Donald Trump is the culmination of this war society. He’s surrounded himself with generals, hired a private army of mostly unnecessary security guards to use force against protesters, and gotten the militarized police organizations to pledge allegiance to him. He’s encouraged the police he’s now further arming to use more violence, talked about punching protestors and assaulting women, and used references about killing Muslims with bullets dipped in pigs’ blood in.
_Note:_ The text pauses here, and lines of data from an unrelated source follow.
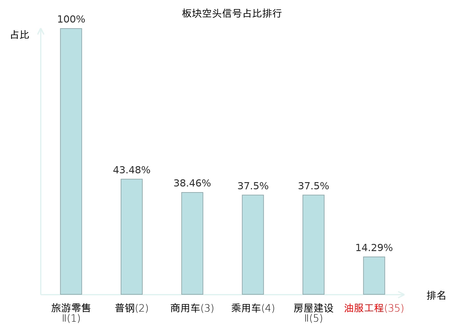 全市场所有行业板块中主力空头信号占比排名中,旅游零售Ⅱ板块位居第一。普钢板块名次提升最快,较昨日上升114位。
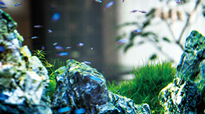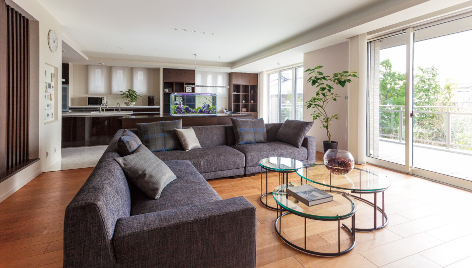 一家が集まることが多いのは、子世帯のLDK。妻の有子さんと娘の実希さんが一緒にお料理をする機(jī)會(huì)も多いそうです。リビングはキッチン?ダイニングと一體になった開(kāi)放的な空間で、掃き出し窓から庭の景色を眺めながら、L字形のソファでゆったりとくつろげます。折り下げ天井や縦格子によって変化をつけ、ブラックチェリーの床やダークカラーの家具で統(tǒng)一感を演出しました。リビングとダイニングの間にしつらえた水槽では、穏やかな時(shí)間を象徴するように、熱帯魚(yú)がのんびりと泳いでいます。
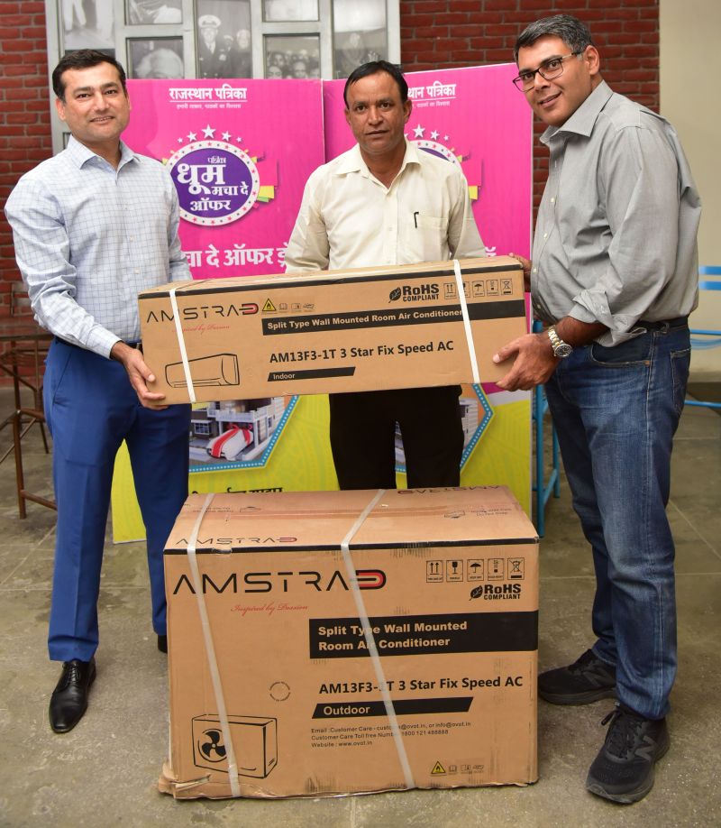 इससे पूर्व सक्षम इंस्टीट्यूट, गोपालपुरा के निदेशक राजेन्द्र हरितवाल ने कोटपूतली, बनेठी निवासी महेशचंद शर्मा को एसी तथा बांदीकुई के दिनेश सेठी को एलईडी भेंट किया। महेशचंद ने बताया कि वे और उनका परिवार कई वर्षों से नियमित पत्रिका के पाठक हैं। पत्रिका में प्रकाशित खबरें सटीक और विश्वसनीय होती हैं। खेल पृष्ठ की खबरें भी बेहतर होती हैं। दिनेश के परिवार के सदस्यों ने पत्रिका की खबरों की सराहना करते हुए कहा कि उन्हें पत्रिका पढ़े बिना सुकून नहीं मिलता है।
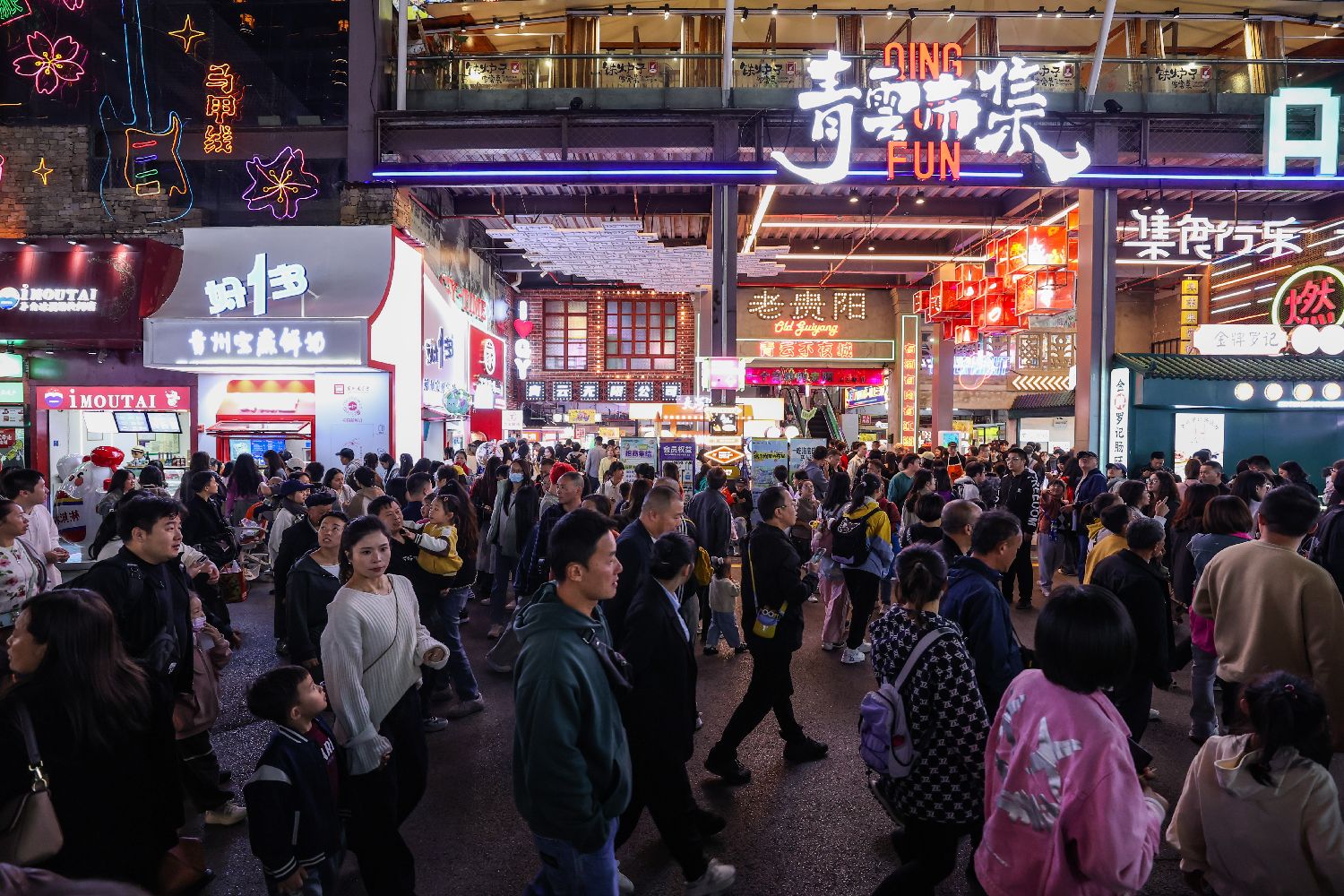 “十一”黄金周假期,中国各景区迎来大批游客,众多游客选择夜间出游、消费,感受夜间出游的别样乐趣。图为10月2日晚,游客在贵州贵阳青云市集游览。中新社
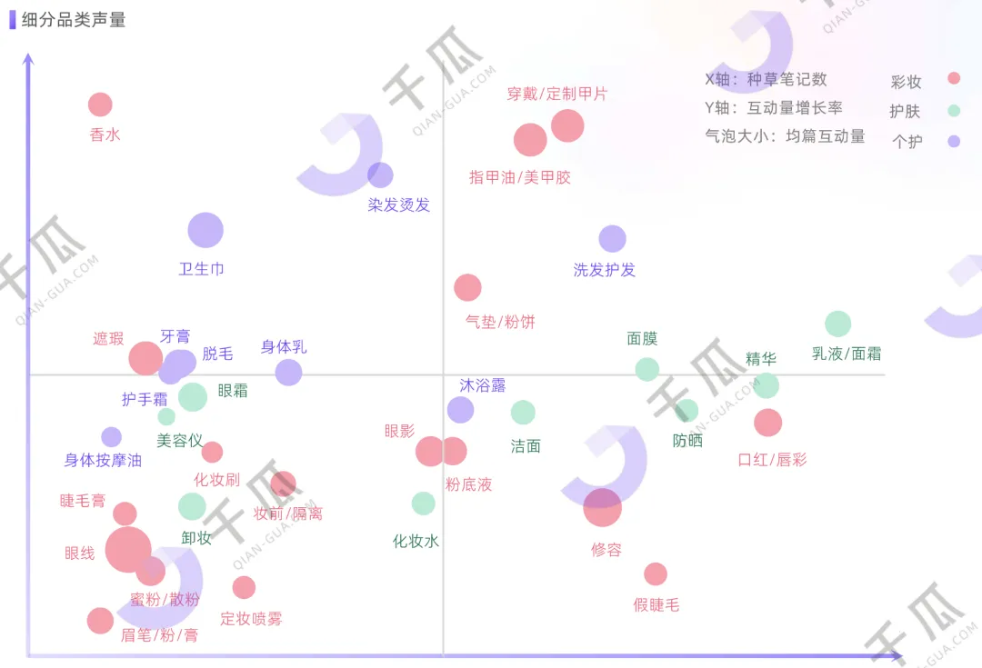 2、彩妆品类中,香水、穿戴甲增势强劲,互动较品类平均增速分别高出82%+、66%+,眼线、修容遮瑕、口红等,均篇互动高于市场中位数;

His contempt for deep thought is correlated with his demands for submission from women, his disgust for dissidents and foreigners, and an unhealthy obsession with cleanliness that was shared by Adolf Hitler.
Trump and the system that produced him could destroy us. Or they could inspire us to revive a different narrative within ourselves, to strengthen our nonconformity, our inquisitiveness, our sense of compassion. We, not the war profiteers, are the ones who will make the choice between these two.